The overall loss is a weighted sum of the consistency, knowledge distillation, and spatial distance losses, with empirical results showing insensitivity to the precise weighting.

Implementation and Training

DepthAnything-AC is finetuned from DepthAnythingV2, using a ViT-S backbone and DPT decoder. The training set comprises 540K unlabeled images—less than 1% of the data used for the original DepthAnything series—demonstrating the efficiency of the proposed paradigm. Training is conducted for 20 epochs on 4 RTX 3090 GPUs, with standard AdamW optimization and moderate batch sizes. The encoder is kept frozen during finetuning, which ablation studies show is critical for maintaining robust feature representations.

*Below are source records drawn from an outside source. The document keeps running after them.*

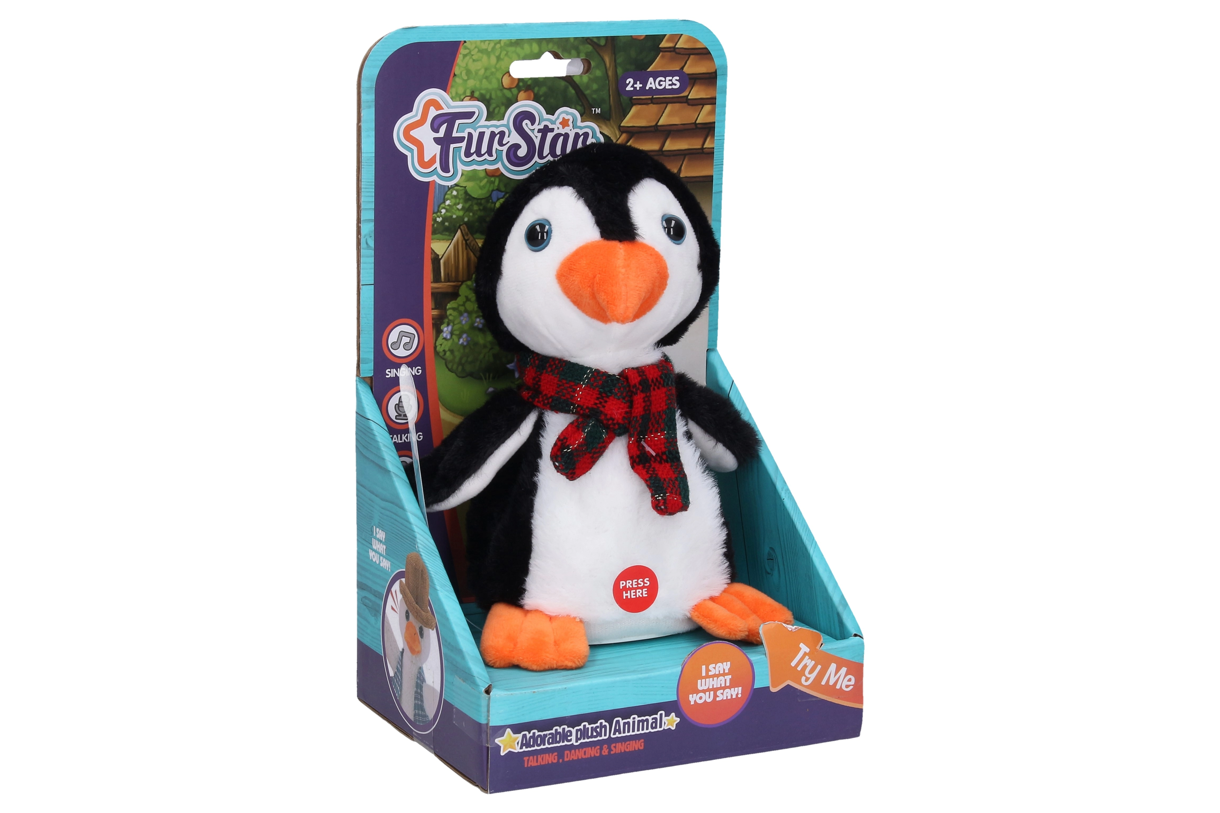 Adorable pingüino interactivo que repite lo que dices y además baila y canta. Ofrece divertidos efectos de sonido, manejo sencillo con un botón en la barriguita y un interruptor OFF/TRY ME/PLAY. Regalo ideal para niños que aman la música y la risa.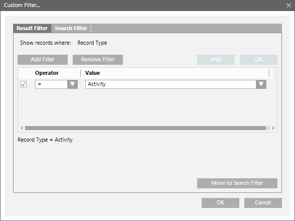 Im Dialogfeld Benutzerdefinierter Filter können Sie Ergebnis- oder Suchfilterausdrücke für eine bestimmte Spalte definieren. Sie können auf dieses Dialogfeld zugreifen, indem Sie Folgendes tun: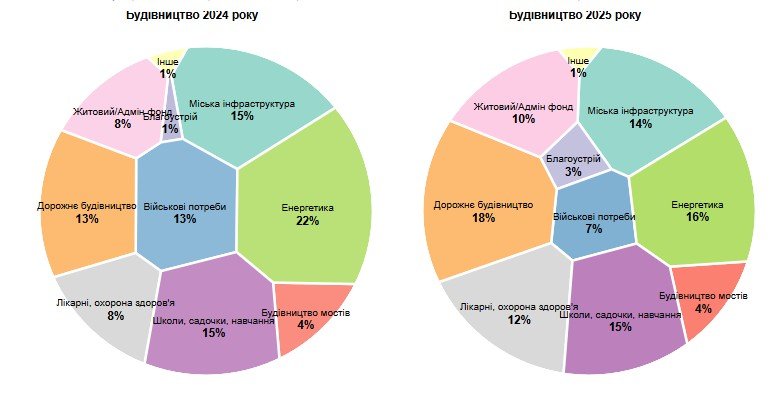 В отличие от дорожных тендеров, доля расходов на военные нужды (в основном на строительство фортификаций) за год упала с 13% до 7%, а на направление энергетики, которое предусматривает восстановление уничтоженных россиянами объектов и строительство укрытий вокруг них, – с 22% до 15%. Последние цифры имеют несколько объяснений.

Perturbations are applied probabilistically, with ablation studies indicating that a combination of all four types (lighting, weather, blur, contrast) yields the best robustness. The spatial distance constraint is implemented using Euclidean distances between patch pairs, and the loss is computed between the student’s perturbed predictions and the teacher’s unperturbed outputs.

Empirical Results

DepthAnything-AC is evaluated on a comprehensive suite of benchmarks:

Multi-condition DA-2K: On this high-resolution, diverse benchmark with synthetic corruptions, DepthAnything-AC achieves the highest accuracy across all conditions, outperforming both foundation and robust MDE models.
Real-World Adverse Conditions: On NuScenes-night, Robotcar-night, and DrivingStereo (rain, fog, cloud), DepthAnything-AC consistently surpasses prior models in both AbsRel and $\delta_1$ metrics, with notable improvements in challenging nighttime and weather scenarios.
Synthetic Corruptions (KITTI-C): The model maintains or exceeds state-of-the-art performance under darkness, snow, motion blur, and Gaussian noise.
General Benchmarks: On KITTI, NYU-D, Sintel, ETH3D, and DIODE, DepthAnything-AC matches the performance of leading foundation models, confirming that robustness enhancements do not compromise generalization.

Ablation studies further validate the necessity of each component, with the spatial distance constraint and perturbation-based consistency both contributing to improved robustness. The model’s feature representations are shown to be more resilient to corruption, as visualized in qualitative analyses.

Implications and Future Directions

DepthAnything-AC demonstrates that robust monocular depth estimation in open-world conditions can be achieved without extensive labeled data or domain-specific finetuning. The unsupervised consistency paradigm, combined with geometric priors, provides a scalable path for adapting foundation models to real-world deployment scenarios, including robotics, autonomous driving, and multi-modal AI systems.

The strong numerical results, particularly on modern, high-quality benchmarks, highlight the limitations of traditional datasets for evaluating foundation MDE models. The approach’s reliance on unlabeled data and synthetic perturbations suggests a practical route for continual adaptation as new environmental challenges emerge.

Future research may explore:

Extending the spatial distance constraint to 3D geometric reasoning or multi-view consistency.
Integrating the paradigm with generative or diffusion-based depth models for further robustness.
Automated selection or generation of perturbation types tailored to specific deployment domains.
Real-time adaptation and online learning in dynamic environments.

DepthAnything-AC sets a new standard for robust, generalizable monocular depth estimation, providing both methodological insights and practical tools for advancing scene understanding in adverse real-world conditions.